> **WHAT NEEDS TO BE DONE**: Write out the opening lines of the data word for word, up to and including the line with "イースマイルは24時間365", and leave every picture and every later line out.

(Stored items)
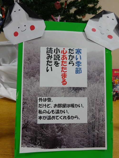 冬の寒さ、温かい部屋、読書する喜び。この3つを感じていただければ幸いです。
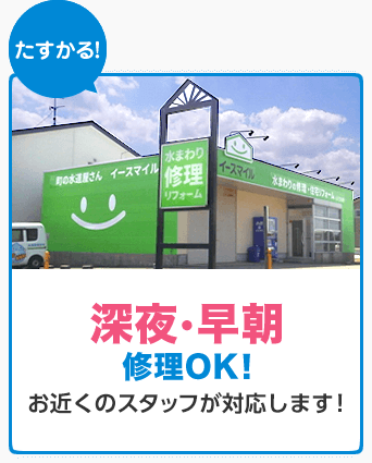 イースマイルは24時間365日年中無休で水のトラブル解決をしております。全国各地に拠点がございますのでお客様に一番近いところにいるスタッフが最短20分で駆けつけます。早朝や深夜帯でもイースマイルのサービススタッフがお伺いいたします。お伺いした際はお客様に安心していただくために名刺をお渡ししています。
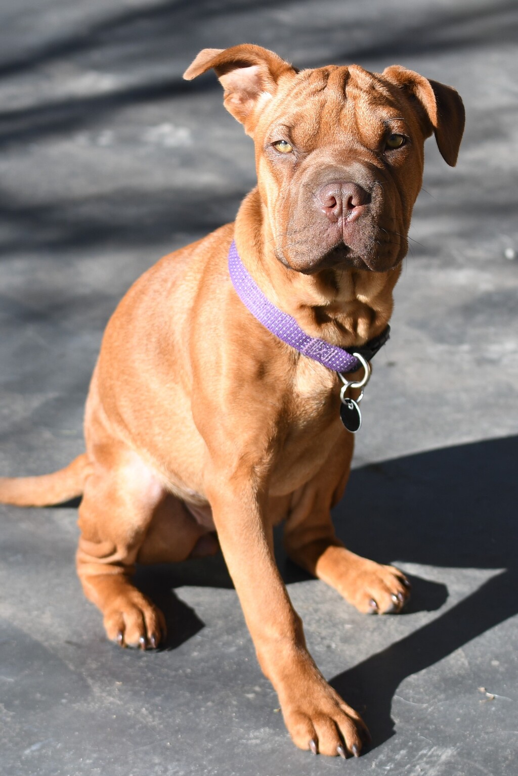 PENNY #2742 is a lovely natured sharpei/staffy cross pup who is coming up to five months old (D.O.B. 16/2/21). She is a very special girl who had to have her front left leg amputated after she was hit by a car. Even though she has had a rough start her carer has found her to be the most wonderful, laid back, easy girl. Penny manages her disability well but her new owner will have to be aware of her special needs and she will require a level yard and easy access to her home (no stairs). Her exercise requirements will need to be tailored to suit her disability too. She enjoys the company of other dogs, big and small, and is used to a home with cats. She will only grow to a medium size (maybe 20kg?). Penny is desexed, chipped, vaccinated, worm/flea treated and vet checked.
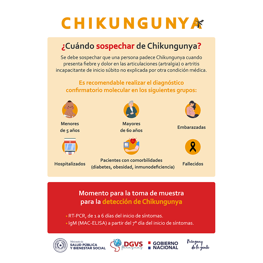 Ante el incremento de casos de chikungunya, principalmente en Asunción y Central, desde la Dirección General de Vigilancia de la Salud se emiten recomendaciones para la atención oportuna y eficaz de pacientes con signos y síntomas vinculados al virus CHIKV.
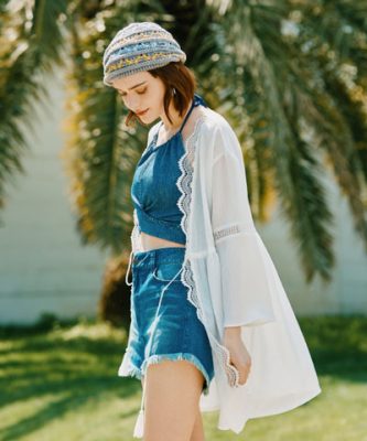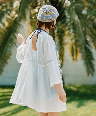 〇身頃や袖部分にレースをあしらった、甘過ぎず、様々なテイストの水着に合わせやすい羽織りです。

> **EXPECTED OUTPUT**:
 冬の寒さ、温かい部屋、読書する喜び。この3つを感じていただければ幸いです。
 イースマイルは24時間365日年中無休で水のトラブル解決をしております。全国各地に拠点がございますのでお客様に一番近いところにいるスタッフが最短20分で駆けつけます。早朝や深夜帯でもイースマイルのサービススタッフがお伺いいたします。お伺いした際はお客様に安心していただくために名刺をお渡ししています。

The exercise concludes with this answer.